** Opening DATASET CONTENT block **

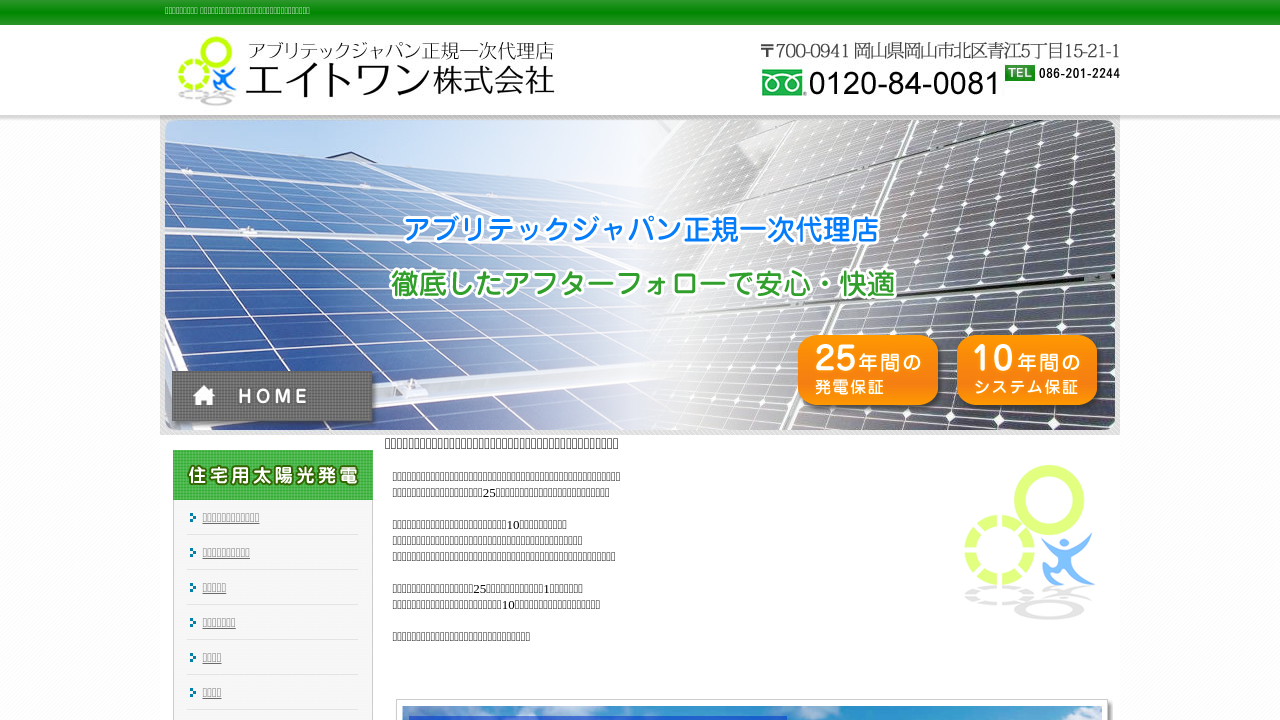エイトワン株式会社エイトワン株式会社は、岡山県岡山市に拠点を置く、住宅用・産業用の太陽光発電システムの販売・施工を行う会社です。
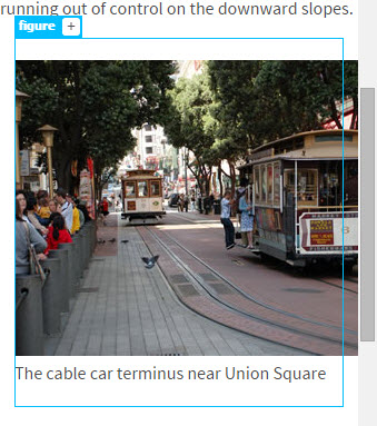 Select the image of the cable car in Live View, and press the up arrow once. This moves the selection up the HTML hierarchy to select the parent < figure> element.
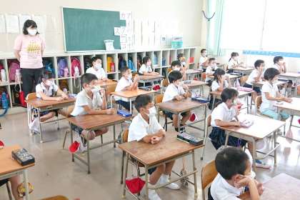 1年生の教室では、どんなことがいじめになるのか、みんなで考えていました。
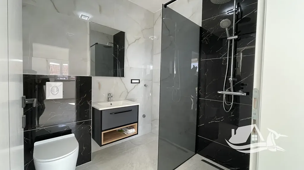 V jedné z nejpříjemnějších částí městečka Tribunj se nachází tato právě dokončená moderní novostavba, která nabízí kombinaci klidné lokality, velkorysého prostoru a nádherných výhledů na moře. Nemovitost je vzdálena jen 600 metrů od městské pláže Zamalin a přibližně 650 metrů od centra Tribunje, takže moře, promenáda, restaurace i kavárny jsou pohodlně dostupné pěšky.

** Closing DATASET CONTENT block **

WHAT THE EXERCISE ASKS →
You are asked to reproduce each line above exactly, but to exclude the pictures.

RESPONSE →
エイトワン株式会社エイトワン株式会社は、岡山県岡山市に拠点を置く、住宅用・産業用の太陽光発電システムの販売・施工を行う会社です。
 Select the image of the cable car in Live View, and press the up arrow once. This moves the selection up the HTML hierarchy to select the parent < figure> element.
 1年生の教室では、どんなことがいじめになるのか、みんなで考えていました。
 V jedné z nejpříjemnějších částí městečka Tribunj se nachází tato právě dokončená moderní novostavba, která nabízí kombinaci klidné lokality, velkorysého prostoru a nádherných výhledů na moře. Nemovitost je vzdálena jen 600 metrů od městské pláže Zamalin a přibližně 650 metrů od centra Tribunje, takže moře, promenáda, restaurace i kavárny jsou pohodlně dostupné pěšky.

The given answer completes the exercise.